NECO – Fica quieto, enlouqueceu? Esqueceu que foi combinado nunca mais se falar no professor? E outra, o que te deu pra defender bicha? Vai virar bicha também?

DIRCEU – Claro que não!! Só que ele é meu amigo e tenho medo que isso se espalhe.

NECO – Amigo? Ele enganou a gente!! Ele saía com a gente, fazia xixi do nosso lado, jogamos bola e tomávamos banho com ele..que nojo!! Ele deve ter nos desejado tomando banho e você ainda tem coragem de chamar de amigo.

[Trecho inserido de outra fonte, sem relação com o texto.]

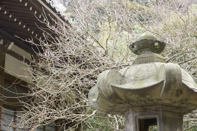 安国論寺の境内には白梅が少し咲いているだけで紅梅はまだ全然咲いていません。
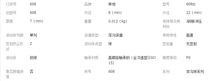 本网页所展示的有关【608不锈钢混合陶瓷轴承尺寸8*22*7mm超长空转 承陀螺轴批发_轴承_深圳市创亿轴承有限公司 】的信息/图片/参数等由全球零部件网的会员【深圳市创亿轴承有限公司 】提供,由全球零部件网会员【深圳市创亿轴承有限公司 】自行对信息/图片/参数等的真实性、准确性和合法性负责,本平台(本网站)仅提供展示服务,请谨慎交易,因交易而产生的法律关系及法律纠纷由您自行协商解决,本平台(本网站)对此不承担任何责任。您在本网页可以浏览【608不锈钢混合陶瓷轴承尺寸8*22*7mm超长空转 承陀螺轴批发_轴承_深圳市创亿轴承有限公司 】有关的信息/图片/价格等及提供【608不锈钢混合陶瓷轴承尺寸8*22*7mm超长空转 承陀螺轴批发_轴承_深圳市创亿轴承有限公司 】的商家公司简介、联系方式等信息。

DIRCEU – Sim, o amigo que te carregou três quarteirões quando você caiu da árvore, se machucou e ficou chorando dizendo que não conseguia botar o pé no chão.

NECO – Isso é passado..E outra, eu não preciso espalhar nada, já se espalhou, a cidade toda está comentando.

DIRCEU – Está errado isso, falar das pessoas sem provas.

NECO – Eu vou provar.

DIRCEU – Como?

NECO – Eu vou seguir o Edu e vou olhar dentro da casa do escritor sem que percebam. Quando eu ver contarei ao pai dele.

DIRCEU – Pai? Você está doido? O seu Edmundo vai matar o Edu!!

NECO – Se matar será justo. Não há vergonha maior para um pai que ter um filho bicha.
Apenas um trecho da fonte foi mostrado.